Until \(t_1\), scientists have observed P for a long time. Thus,

$$\begin{aligned} c_{1}\left( S|P \& K\right) =c_{1}\left( S|K\right) . \end{aligned}$$
(22)

By definition, \(p\left( S|P \& K\right) =p\left( S|K\right)\) for any extension \(p\left( \cdot \right)\) of \(c_{1}\left( \cdot \right)\) to \({\mathfrak {F}}_{2}\). Also, the fact that \(S\vdash _{K}P\)—i.e., the fact that special relativity theory entails Mercury’s perihelion precession under K—must have been evidence for S. Since \(X_{S}\) entails that fact,

$$\begin{aligned} p\left( S|P \& X_{S} \& K\right) >p\left( S|M \& K\right) \end{aligned}$$
(23)

(for any ...). For centuries, scientists had known that (\(\lnot X_{C})\) C fails to provide an adequate deductive-nomological explanation for P. So, K includes \(\lnot X_{C}.\) Thus,

$$\begin{aligned} p\left( S|P \& X_{S} \& \lnot X_{C} \& K\right) >p\left( S|M \& K\right) \end{aligned}$$
(24)

(for any ...). This counterexample to SOT is from the real history of science. There are likely to be many similar cases. Indeed, Example 2 was another case in which the special relativity theory was confirmed by predicting observed data through logical reasoning.Footnote 37

Admittedly, the above defense of EIB needs further elaboration. For instance, we have not discussed whether EIB can be successfully used when an agent realizes that a hypothesis provides an adequately unified explanation of observed phenomena (Kitcher, 1989). Unfortunately, a more detailed discussion of this and other related issues is beyond the scope of this paper. Still, two points should be noted. First, McCain and Poston write:

Given the ubiquity of IBE in everyday life and the sciences, we find it surprising that William Roche and Elliott Sober (2013) have recently attempted to show that explanatoriness is evidentially irrelevant. (McCain & Poston, 2014)

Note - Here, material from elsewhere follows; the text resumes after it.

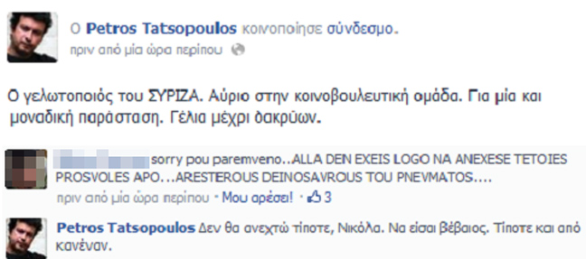 Απάντηση μέσω Facebooκ για την ανακοίνωση Μουλόπουλου, έδωσε ο βουλευτής του ΣΥΡΙΖΑ, Πέτρος Τατσόπουλος.

For this reason, it is unlikely that statistic data always screen off explanatory information in all ordinary and scientific inquiries. So there must be a nonempty set of realistic cases in which one can update the credal state in accordance with EIB. Second, in no matter how broad a range of cases in which such data screen off such information, EIB will be a better hybrid model of inference for the no-screening-off cases than the extra boost view or constraint compatibilism, for the reasons discussed in the earlier sections.

7 Conclusion

This paper defended a new hybrid model of scientific reasoning, EIB. First, I developed it by combining imprecise Bayesianism with IBE. When applied to examples, EIB returned the plausible verdict that evidence tends to favor a hypothesis providing a better explanation of it. Then, I compared it with two other hybrid models. Unlike the extra boost view, EIB does not expose those who comply with it to the risk of diachronic Dutch book. Whenever the given agent’s priors are precise and not extended, EIB maximizes the expected practical and epistemic utilities of her future action and credences. In comparison with constraint compatibilism, EIB is a better model of reasoning for the descriptive and normative purposes. Finally, EIB applies to all cases in which frequency data do not screen off explanatory information. Overall, EIB is the best of the three models.